Bring a large pot of salted water to a boil, then add the pasta and cook until just al dente, about 8-10 minutes. Drain and set aside, reserving a splash of pasta water.
While the pasta cooks, chop the bell peppers into thin strips and slice the zucchini into rounds or half-moons. Halve the cherry tomatoes and set aside.
Heat the olive oil in a large skillet over medium-high heat until shimmering and slightly fragrant. Add the bell peppers and zucchini, then sauté, stirring occasionally, until the vegetables soften and develop some charred edges, about 5-7 minutes.
Add the minced garlic to the skillet and cook for about 30 seconds, until fragrant and just beginning to turn golden. Be careful not to burn it.
Stir in the halved cherry tomatoes and cook for another 2-3 minutes until they soften slightly and release their juices, filling the skillet with bright aroma.
Add the drained pasta to the skillet, tossing gently to combine everything. If the mixture seems dry, add a splash of reserved pasta water to loosen and help everything meld together.

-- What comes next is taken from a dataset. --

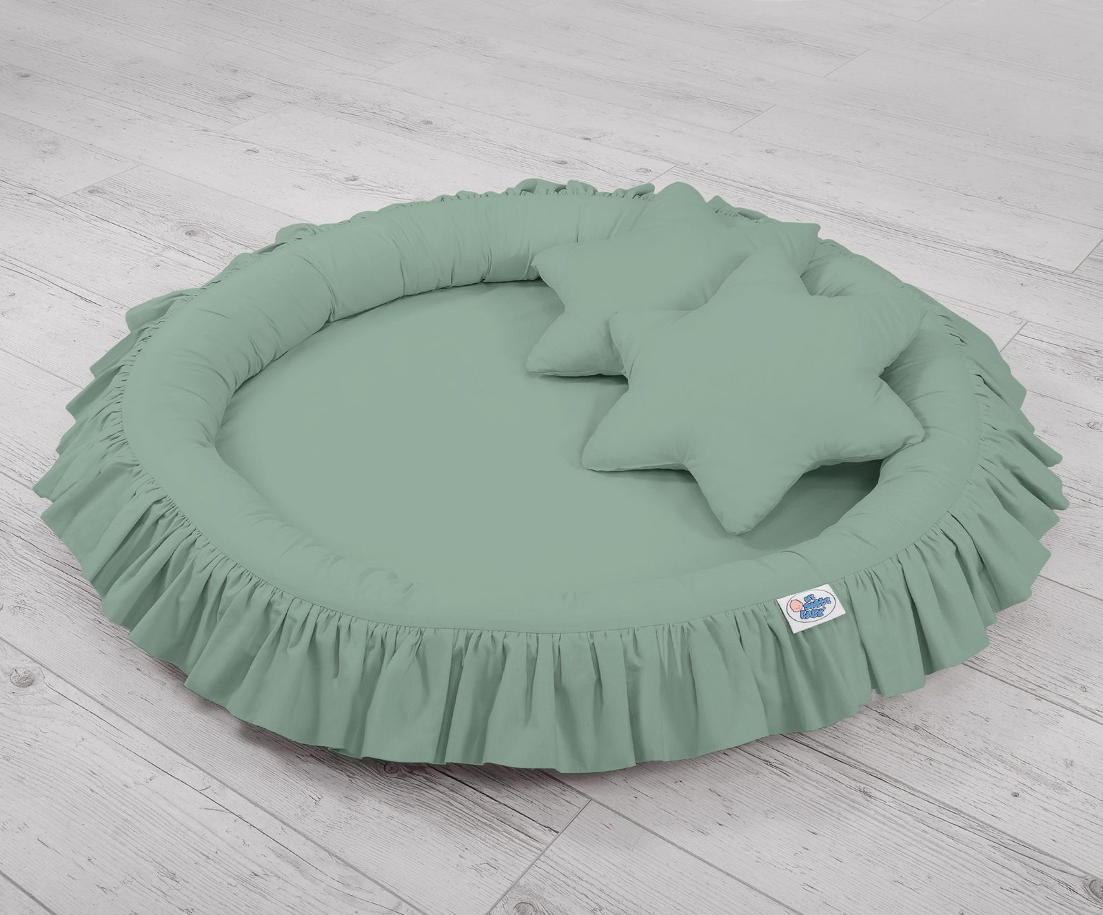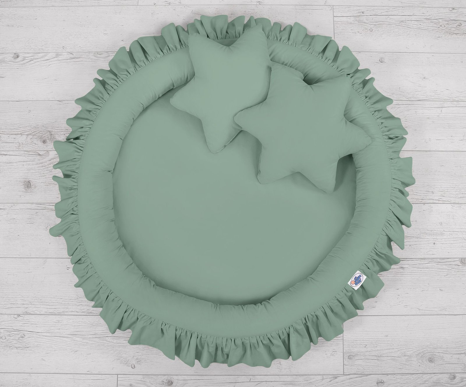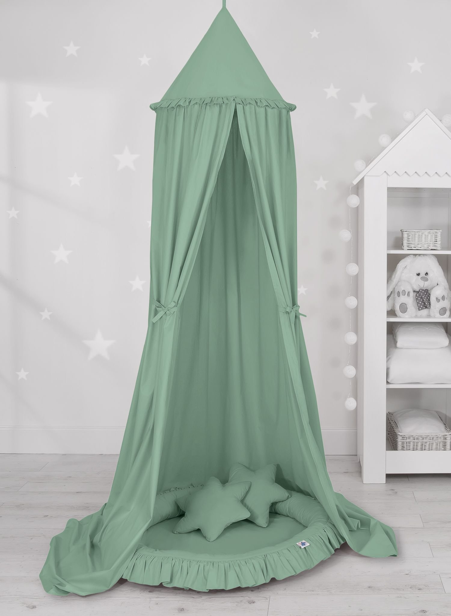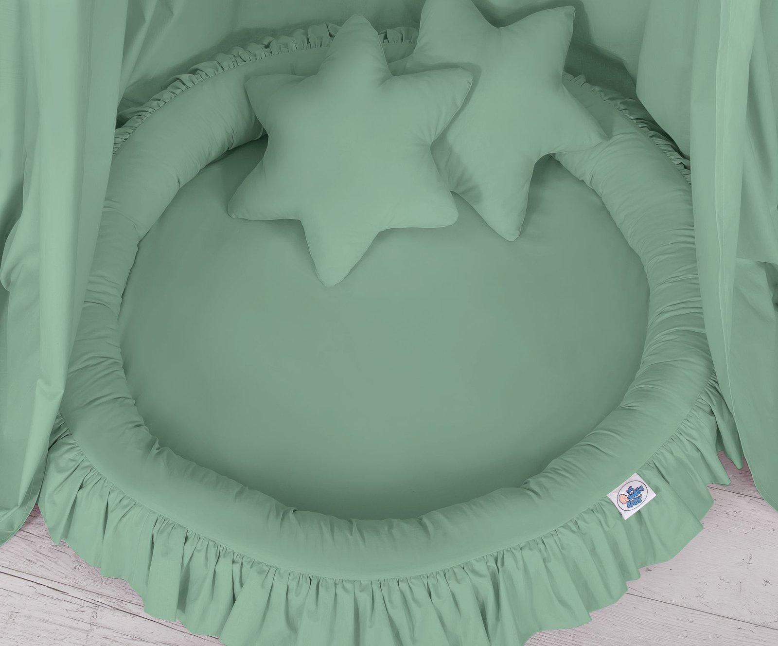 An effective long hanging canopy. A beautiful element it the children’s room. It can be used as a unique decoration of a baby cot, as well as it can create a wonderful place to play. Hanging over the cot protect the canopy against too much light and noise creating a cozy and safe place to rest inside the cot. The canopy can be easily mounted to the ceiling. The length of 260 cm allows to arrange the ends on the floor. This creates a perfect hiding place and playground for older children. The canopy is made of Okotex certificated, 100% cotton fabric. On the sides there are practical ribbons for tying the canopy and create a beautiful tent. The rim on the top can be removed. The fabric is washable by 30 Degrees. Combined with lovely nest with a flounce it will become a perfect place for fun. The soft edges provide safety for the babies. The edge is filled with approved, non-allergenic filling: Eco –Fillball fibers. They are soft, resilience and they assure the proper air circulation. The bottom of the baby nest with flounce is made of a modern, anti-allergenic, attested material. The bottom inlay can be removed and the cover can be washed at 30 degrees.

Sprinkle the freshly grated Parmesan cheese over the pasta and vegetables, tossing again to evenly distribute the cheesy goodness. Season with salt and freshly ground black pepper to taste.
Cook for another minute to allow the cheese to melt and the flavors to meld, then remove from heat. The dish should look vibrant, with the colorful vegetables coated in a light, fragrant sauce.
Serve immediately, garnished with extra Parmesan or fresh herbs if desired. Enjoy the tender pasta with the crisp-tender, slightly charred vegetables and bright, cheesy flavor!